There's also an unfortunate though not uncommon problem regarding the national question that kept popping out as I read. With only one exception I recall, a brief scene in a cave where several minor characters are introduced with name and nationality, throughout the rest of the book whiteness is a given for every character. If a character is not white it is pointed out (in fact it's often the only thing that's pointed out); otherwise we're to assume the character is white. As in a description of several people in a crowd that goes something like: a tall man with deep laugh lines around his eyes, a stout woman with short brown hair in bright blue capri pants, and a Mexican in jeans and cowboy boots. Wow. That this is still the standard is so sad.

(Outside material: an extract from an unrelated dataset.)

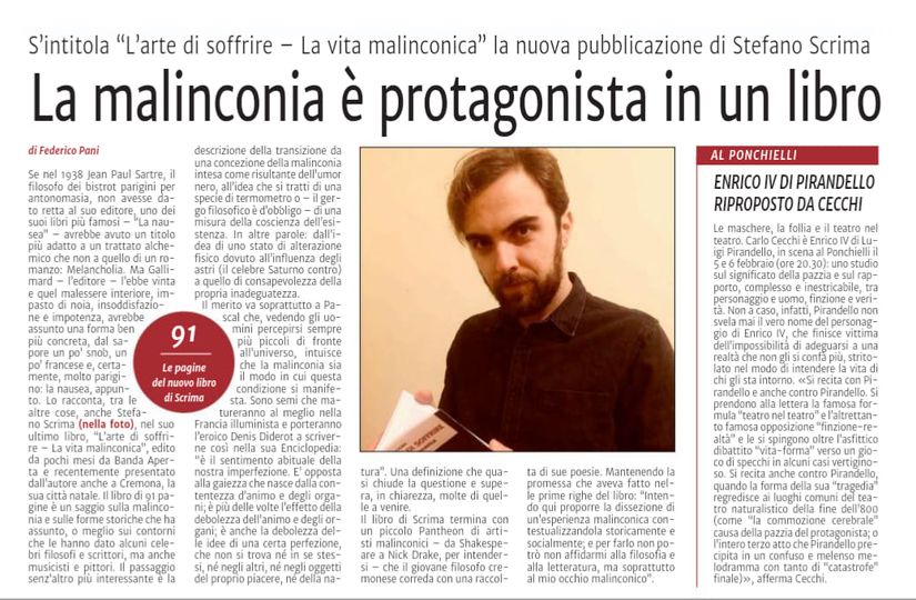 “La malinconia è protagonista in un libro” di Federico Pani, Il Piccolo di Cremona, 2 febbraio 2019.

One other point of frustration with Red Moon. It's about the oddly faulty way the quest for a vaccine for werewolfism informs the plot. A vaccine, as is accurately explained early on, is basically a tiny dosage of a version of an infectious agent (virus, bacteria, or, fictionally here, prion) that, once introduced into a person's system, stimulates the immune system to resist it and thereby inoculates the person against any future attack by the infectious agent. It's why I get a flu shot every year (yeah I know you're agin' it, but my public-health epidemiologist super-communist comrade argues for the flu shot and I find his view convincing). OK. So a vaccine is a preventive measure. It's to prevent infection. Perfectly understandable that a key plot strand involves the search for a vaccine to prevent folks bitten by werewolves from themselves succumbing and becoming werewolves. But. Not in the least understandable, in fact perfectly nonsensical, that it seems also to be intended as a cure, which is an utterly different thing than a vaccine. And that in the novel's final pages our hetero-coupled heroes (nope, not a single same-sex-lover anywhere in sight in this 500-plus-page novel with a cast of thousands), having, against all odds, managed to get a hold of the single extant vial of vaccine, are about to administer a dose to themselves. They are already infected! It's a vaccine, not a cure! Oy, I hate it when this kind of thing undermines my readerly willingness to suspend disbelief.
Ah well. One week left till I start my vacation days. I have another fat new supposedly better-than-average horror-type book on my pile but I think I'll let it wait. Maybe it's great but probably it's not, and one non-thrill is enough for this summer.